Hacker News new | ask | show | jobs
by dcwca 655 days ago
It is totally legal to train on this stuff, but illegal to reproduce copyrighted works. Interestingly, Google's business model could have been criticized the same way. They construct a big index of copyrighted works, reproduce them, and monetize it.
1 comments

They don't generate new content that convinces people it came from the sources they trained on.

The entire business model is "we trained on their stuff, pay us, not them." No way that's fair use.

I mean, if I go to the library and read books, and then get a job where I use that knowledge, the company pays me. Not the authors of the books I read.

So I don't see how their business model is any different from literally every person who learns things and then sells their ability to apply that knowledge.

The people that made the product possible get nothing, this is the difference. The library paid for a copy of the book, so did millions of others.

In the example you gave, it would be the equivalent to you getting a job, working hard to produce something, and get nothing in return.

What are you expecting the people who write the books to get?

Do you agree that if an author sold 43,958 copies, then it's fine for OpenAI to purchase one, so that the author sold 43,959? But also fine for OpenAI to ingest scanned used copies that are loaned to it? The same way it's fine for me to read a friend's book, or all of a friend's books, that they loan me, and the author doesn't get anything additional? The same way it's fine for me to go the library and the author doesn't get paid anything extra?

Or are you trying to invent some new principle where OpenAI has to pay some new ongoing fee? And if so, on what basis?

(And no, my example still stands entirely. It's from the perspective of somebody who learned from books, and they are getting paid, the same way people pay OpenAI to use ChatGPT. It's not from the perspective of authors, because again -- they make no additional money when somebody goes to the library to read their book that the library already purchased.)

It's not about what the "author should get for their book". It's the OpenAI benefits unfairly from using everyone's work to make nearly endless money and lobby for regulatory capture.

The author should get access to the model, the weights, it should all be open source because it partly contains their work. Just like how OpenAI could outright buy a copy of the authors work.

Basically, I think this is where knowledge and money are coming into an unresolveable conflict, who owns the ideas ? who owns information?

OpenAI seem to be trying to have a monopoly on information, and while they seem to be failing (thankfully), it's really where the issue lies for me.

Where are you getting this "nearly endless money" and "lobby for regulatory capture" and "monopoly on information"?

OpenAI competes with Google competes with a bunch of other companies, and surely this is only the beginning of a ton of competition as better and better models are developed.
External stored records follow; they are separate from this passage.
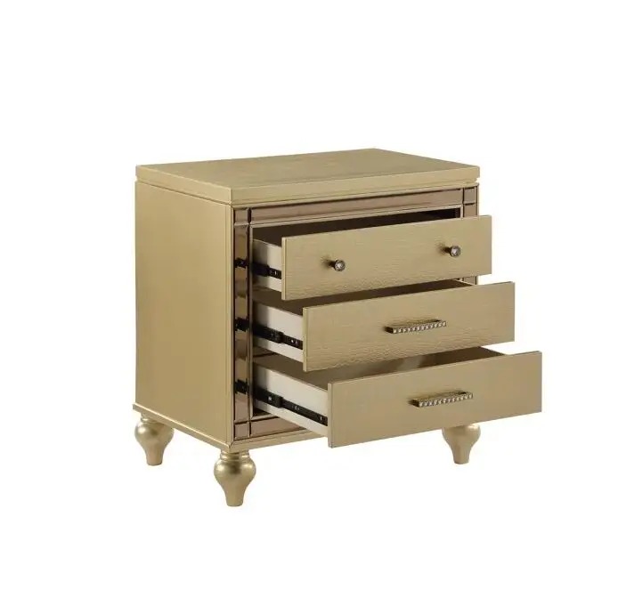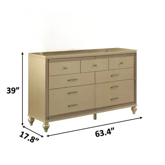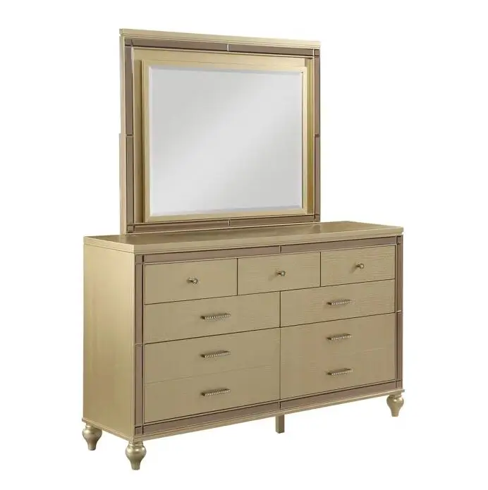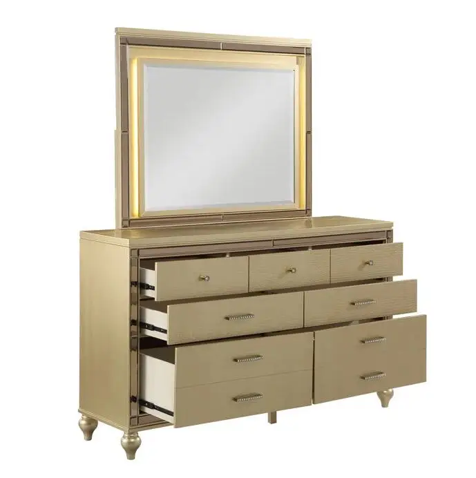 Redesign your home with this Glamorous, refined collection, which features a Mirror Front Frame, Silver-accented hardware, and framing that will give your space a sophisticated air. Add more color to your room with this bedroom set. This Mirror design all around gives your bedroom a more glamorous feel. The classy look of the bedroom set adds a balance of modern and exquisite style. Elaborated detailing for this Bed will surely bring true splendor into your home. The Bed with silver finish wood is ultra-contemporary in design and scale that will add modern flair to your bedroom. This exceptionally beautiful Bed features crystal tufted upholstery on the headboard. All the drawer fronts have diamond drawer pulls, and the top has a slick feel that enhances the gorgeous bedroom's beauty. The headboard includes an LED light that will improve the ambiance of your bedroom. Each case piece is highlighted with a Mirror accent inserted in the frame. Matching Nightstands and other bedroom set pieces complete the entire look to your taste. The Mirror includes an LED light that will accommodate you whether you're taking a picture or getting ready daily. Add glam to any bedroom with this top-selling design. Indulge in the exquisite details while awake and in restful sleep at the end of each day.
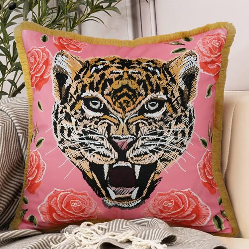 Tiger Floral Velvet Decorative Throw Pillow Cover 18x18 In Pink Pillow Covers Flower Animal Print Tiger Cushion Cover with Tassels Modern Decor Square Pillowcase for Sofa Couch Bedroom Living Room
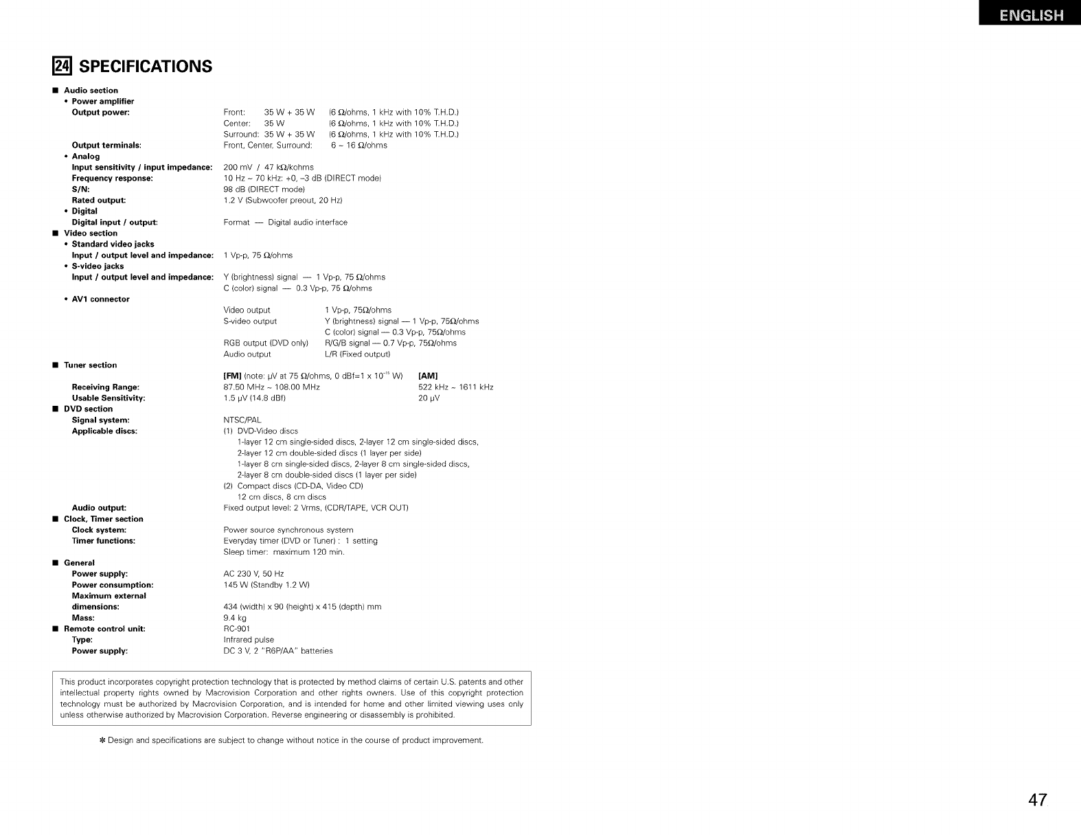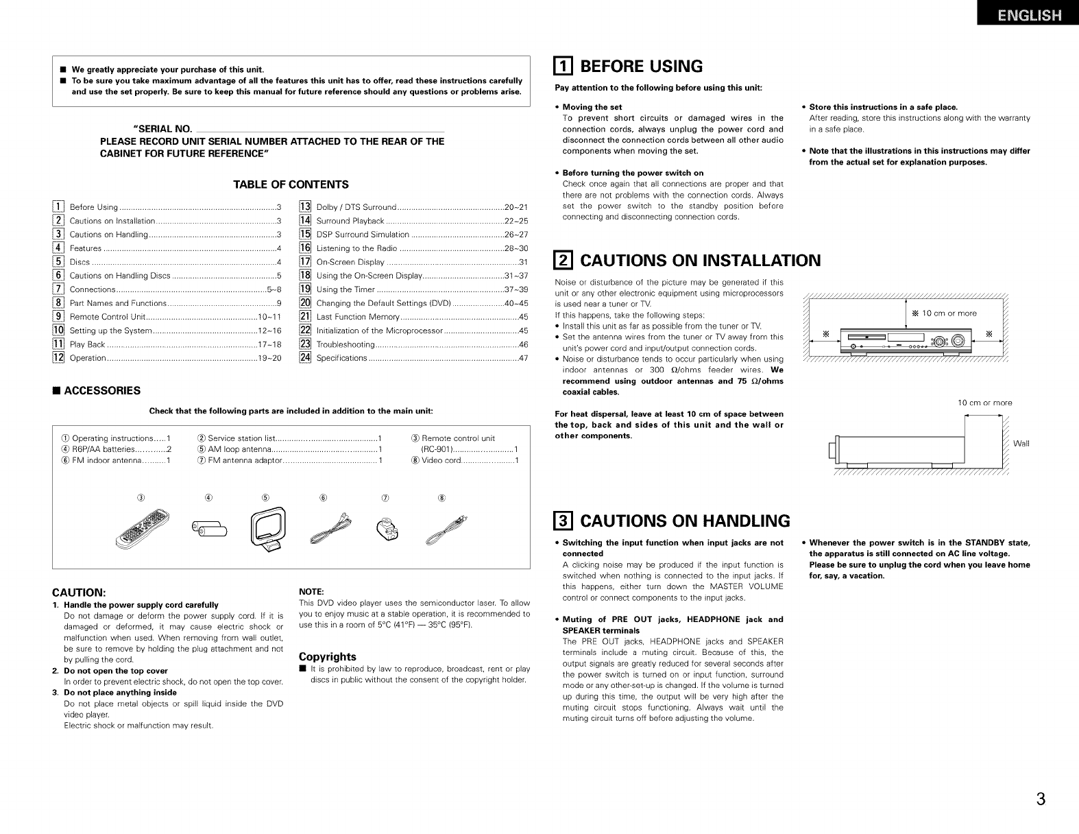DENON Receivers Manual L0201013 DENON Receivers Owner's Manual, DENON Receivers installation guides
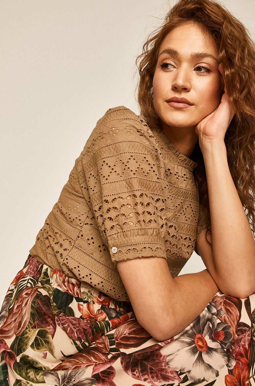 Bluzka z kolekcji Medicine. Model wykonany z ażurowego materiału. Posiada stójkę. – Prosty fason. – Model ze stójką. – Gładka tkanina. Wzór: aplikacja Rękaw: krótki Materiał: bawełna Dekolt: stójka Okazje: casual Fason: relaxed Skład: 100 % Bawełna ID produktu: 6901-BKD702 Kod producenta: RS20.BKD702
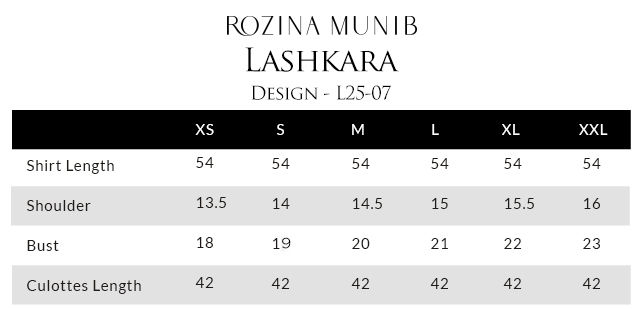 This elegant deep blue ensemble in pure 80gms raw silk features a straight long shirt, richly decorated with light and dark gold zari embroidery, antique lame, and intricate zardozi work including kora, dabka, cutdana, stones, pearls, nakshi, sequins, and delicate silver bird motifs across the front and sleeves. It is paired with matching culottes, finished with sequins at the hem for a subtle sparkle. Completing the look are three dupatta options: a gold lame dupatta with four-sided zari embroidery, handworked borders, and banarsi detailing; a pure organza dupatta with zari embroidered scallops, sequined handwork border, and chan; and a pure medium silk dupatta with a classic four-sided gold border.

There's no "nearly endless money" when there's competition and GPU training costs a fortune.

The idea that all models should be open source to everyone or all content creators doesn't make any more sense than the idea that all the work I do should be open sourced to the authors of every book I've read, and every teacher I've ever had.

You ask two questions that have clear answers already:

> who owns the ideas?

Nobody. Legally speaking there's no such thing as ownership of ideas, except in the narrow case of patents (and if you consider trademarks to be ideas).

> who owns information?

You can copyright a particular, exact expression of information. The author of a book owns its text; the studio behind a movie owns the image in each frame.

But once you leave behind an exact expression of information, you're back in the realm of ideas, and there's no such thing as ownership of ideas. Which is why as long as ChatGPT and other models repeat ideas but not paragraphs of exact copyrighted wording, there's no legal issue. Because they're doing the same exact thing every human being does every day.

Writing a book about C isn't the same thing as "write me a mail server in C".

The right analogy here is you read their book about C and write another one in exactly (enough) style that your book can stand in for theirs, but you sell it for pennies.

The difference is: LLMs are not humans with human needs and human rights. Unless these for profit AI companies can ensure that they can fairly compensate the sources of their training data, they’re using IP they have no right to use in order to replace the work of living breathing humans who need income in order to live in houses and eat food. Why would you place the potential profits of the few (and the massive environmental impact of using LLMs) over the needs and rights of your neighbors and humans all around the world?